So much is cracking open for me it’s difficult to settle down and try to write about it. I turned fifty in the midst of a great upheaval, and all around me the seas keep rising like mighty mountains, threatening the continued destruction of everything I’ve endeavored to construct to define myself. I’m hunkered down in my little raft, grabbing onto the gunwales and grinning like a mad fool, urging the storm on, shouting into the wind-driven spray, gibbering and dancing erratically, my eyes streaming with tears.
Nor have I learned moderation.
I’m beginning to think it is not to be found in me.
This spiritual path is my welcome undoing.
It is good that I didn’t understand what I was up to when I started out on it or I would have left the whole thing alone. I think that I really did believe that I was pretty much supergood, and smart and capable, and that really committing to a spiritual path would be like adding some really sweet and creamy frosting to a pretty wonderful cake- you know what I mean? That it would make me better tasting, more desirable, more attractive, all that. A better me, but, you know, still me.
What I’ve been in the process of discovering is that things are a little bit more dire than that.

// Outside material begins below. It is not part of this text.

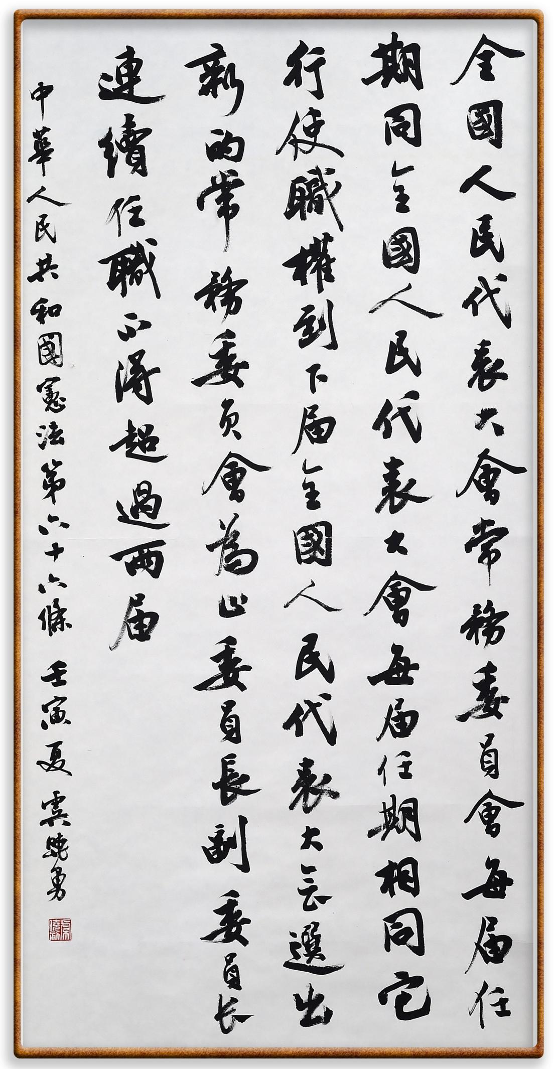 繼《中華人民共和國民法典》《中華人民共和國土地管理法》《中華人民共和國土地管理法實(shí)施條例》《中華人民共和國法律援助法》之后,法治日報(bào)社聯(lián)合北京市司法局、北京書法家協(xié)會(huì),將筆端對準(zhǔn)《中華人民共和國憲法》和《中華人民共和國行政處罰法》。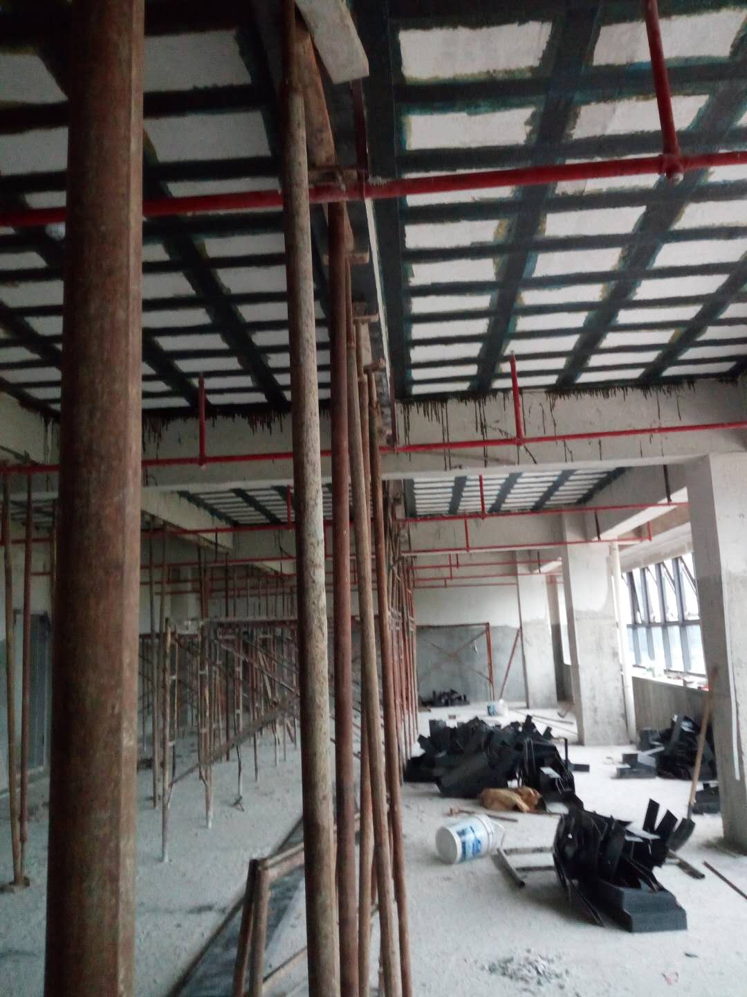 這兩種方法的共同點是均需要通過結構膠受剪使鋼板或碳纖維布與原構件共同工作,因此在加固部位必須要進行防火處理,由于一般的結構膠在60oC以上強度會降低,遇明火會燃燒。

But also, confoundingly, much better than that, too. I am much, much worse than I’d ever been willing to see or admit, and yet, and yet, there’s this really limitless, profound, stainless, wise, compassionate aspect to my own fundamental nature that is vaster and more perfect than anything I could have imagined.
And what I’m experiencing right now is this kind of actual working of the teachings on me. I am engaged with full, unstinting commitment to this practice, and the results are manifesting. It is not anything you could describe as pleasant. It was horrifying to see, to really see, the lies I have been telling myself about myself just to get through the days. I have been engaged in this lifelong practice of subterfuge and posturing, lying to myself, lying to my loved ones, to my wife and daughter and everyone, about who and what I really was.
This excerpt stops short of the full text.